= De Proprietatibus Elementorum =

Medieval Arabic treatise on geology

De Proprietatibus Elementorum (English: On the Properties of the Elements) is a Medieval Arabic treatise on geology. It is also known as De Causis Proprietatum Elementorum, De Proprietatibus Elementorum et Planetarum or simply De Elementis. It was probably written in the ninth or tenth century. The author of the work claimed to be Aristotle, but eventually it was determined that it was an original work by an Arab author. Consequently, the work is now attributed to a Pseudo-Aristotle.

== History ==
The work did not have a lasting impact on science in the medieval Islamic world, but it became important in Europe after it was translated to Latin by Gerard of Cremona in the twelfth century. By the thirteenth century, it had become one of the three main sources for medieval knowledge on geology, together with Aristotle's Meteorology and Avicenna's De Mineralibus. These three treatises were an important influence on the study of geology by Albertus Magnus. When scholars started to recognize during the Renaissance that De Proprietatibus Elementorum was not written by Aristotle, it was removed from the academic curriculum.

== Content ==
In his work Meteorology, Aristotle explained that the earth as an element was cold and dry. He did not cover phenomena related to terrestrial heat. De Proprietatibus Elementorum filled this lacuna with its inquiry on volcanoes and hot springs. According to the work large quantities of sulfur in the interior of a mountain caused volcanic eruptions. Winds and waters present at the foot of the mountain could set fire to this sulfur, particularly in the case of Mount Etna.
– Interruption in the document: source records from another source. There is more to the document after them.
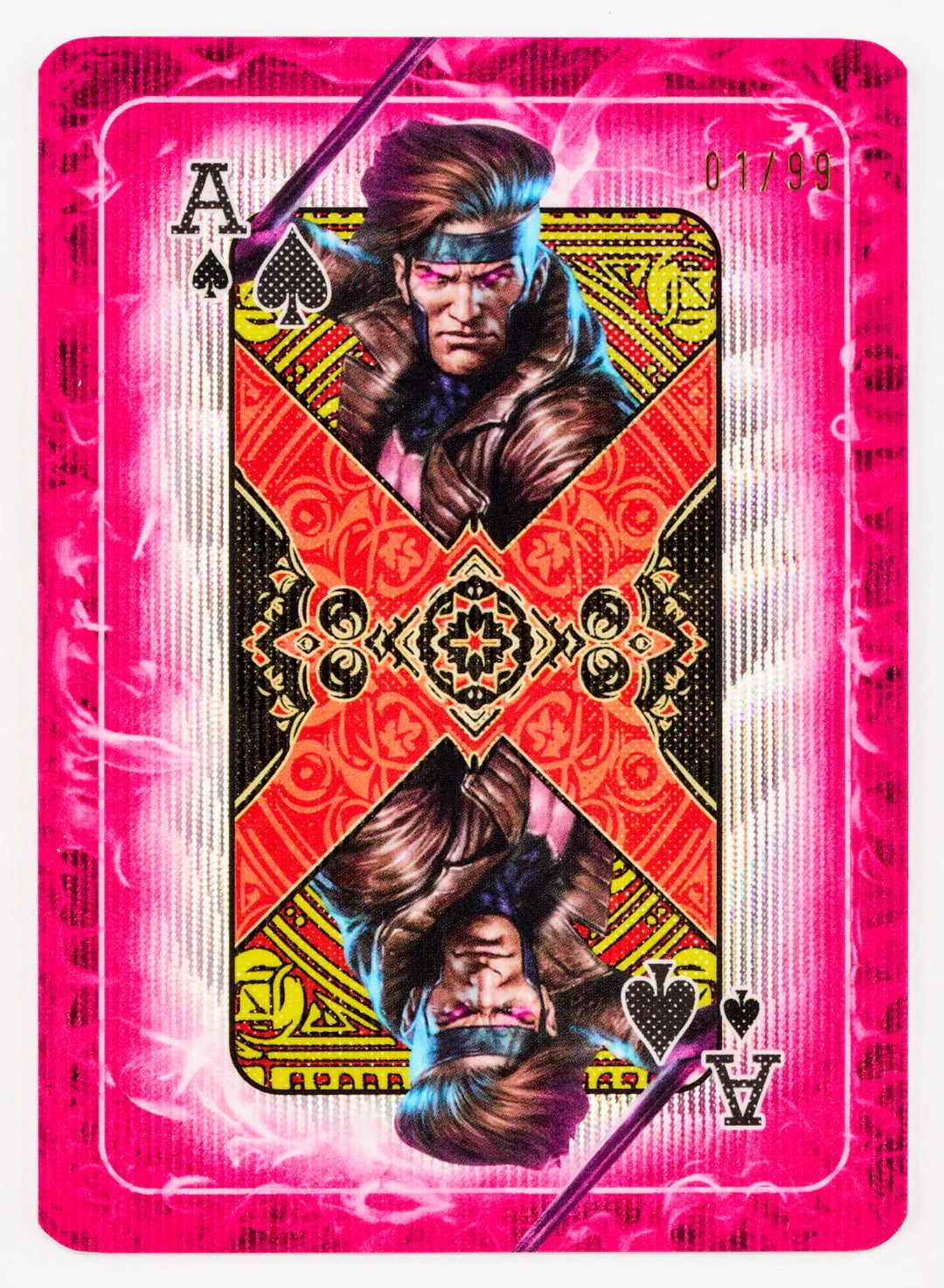 One of the most creative inserts in the product is Gambit’s Deck. Inspired by the fan-favorite X-Men character who famously charges and throws playing cards, this insert builds a full 52-card playing deck. Each card represents a suit and number or face from a traditional deck, all reimagined through the lens of Marvel. The cards are printed on double-sided Chrome and carry a premium feel, making the full deck a must-have for both Gambit fans and collectors who enjoy one-of-a-kind concepts. #’d to 99
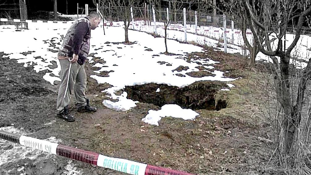 Nešlo však o žiadnu krádež. Strom sa prepadol o dva metre a vzápätí sa stratil pod zemou. Na záhrade zostal obrovský kráter, ktorý je široký približne 2,5 metra a hlboký minimálne 15 metrov. Diera ústi do chodby, z ktorej fúka studený vzduch. "Ide odtiaľ zima, strašná zima odtiaľ ide" dodala pani Miriam Sondrová.
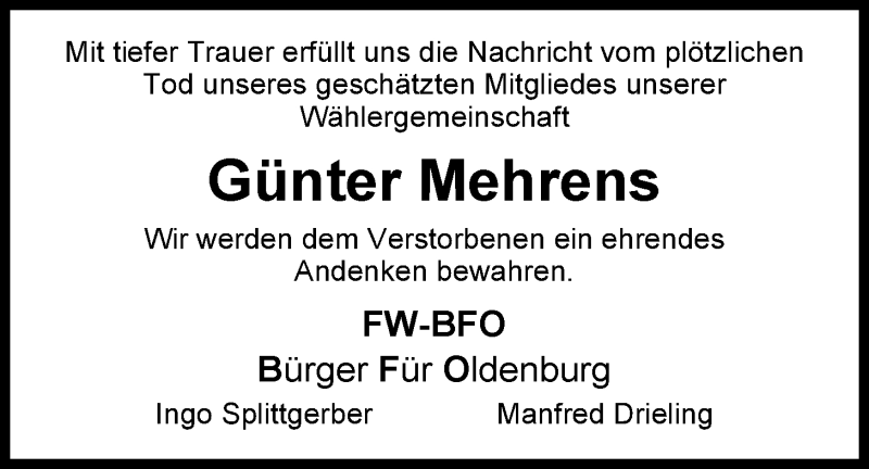 Hier finden Sie alle Traueranzeigen aus der Zeitung, die bisher für Günter Mehrens erschienen sind. Weitere Traueranzeigen, die in der Zeitung erscheinen, werden hier ebenfalls aufgelistet
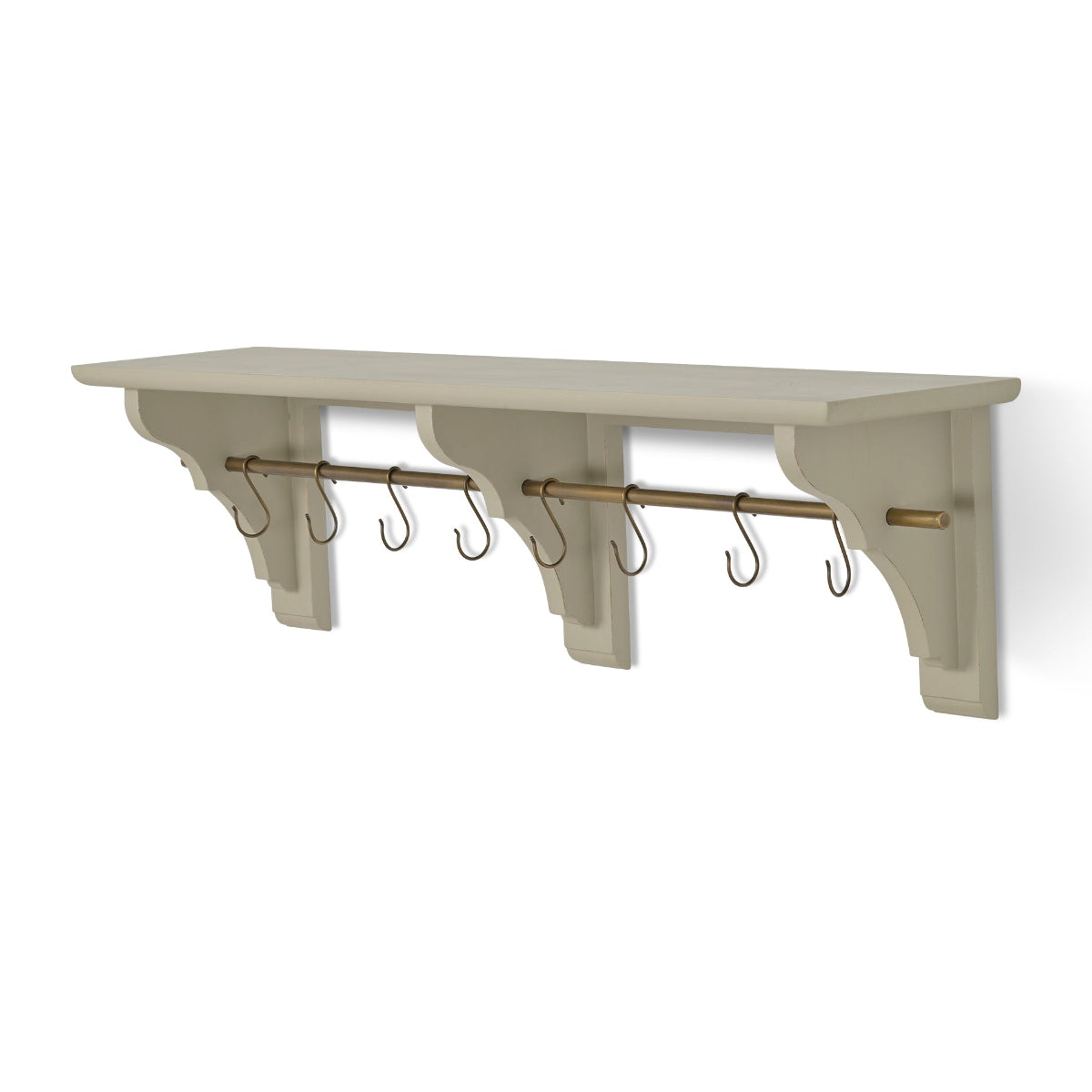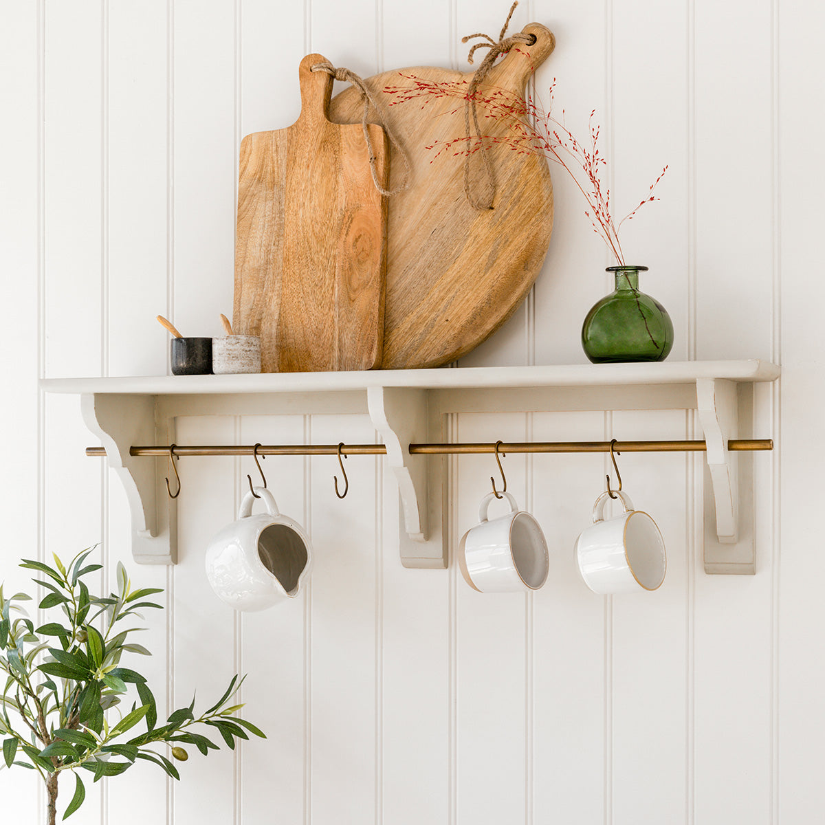 Our Walcote Shelf puts the finishing touches on a cosy kitchen space. The top shelf of this medium version is perfect for displaying recipe books, storage jars and houseplants, while the antique brass rail that features below it has eight hanging hooks for keeping utensils, tea towels and other bits and bobs neat and tidy. Match with other furniture from our Walcote collection in clay to complete the look.
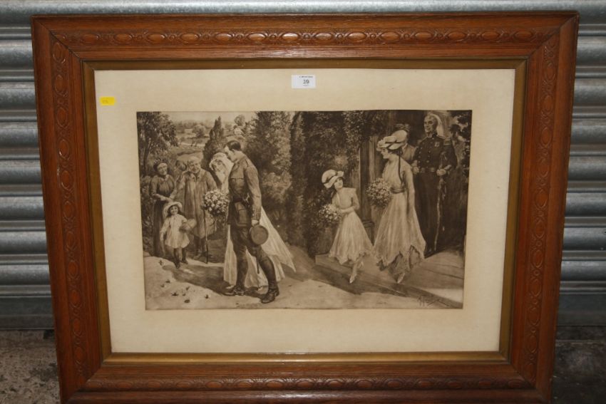A VINTAGE OAK FRAMED BLACK AND WHITE PRINT OF A MILITARY WEDDING SCENE BY A PEARSE - OVERALL SIZE INC FRAME 85.5 CM BY 68 CM

Its explanation of hot springs seems to have been taken by an unknown work from Theophrastus. Theophrastus or the pseudo-Aristotle first dismisses several explanations provided by Democritus, Mileus and Rentifolus, the latter two possibly Thales and Xenophanes. The opinion of the author follows, that water gets heated by beds of sulfur before it emerges on the surface. Naphtha is associated with this process, because together with sulfur it forms a kind of burner to transport fuel to the fire.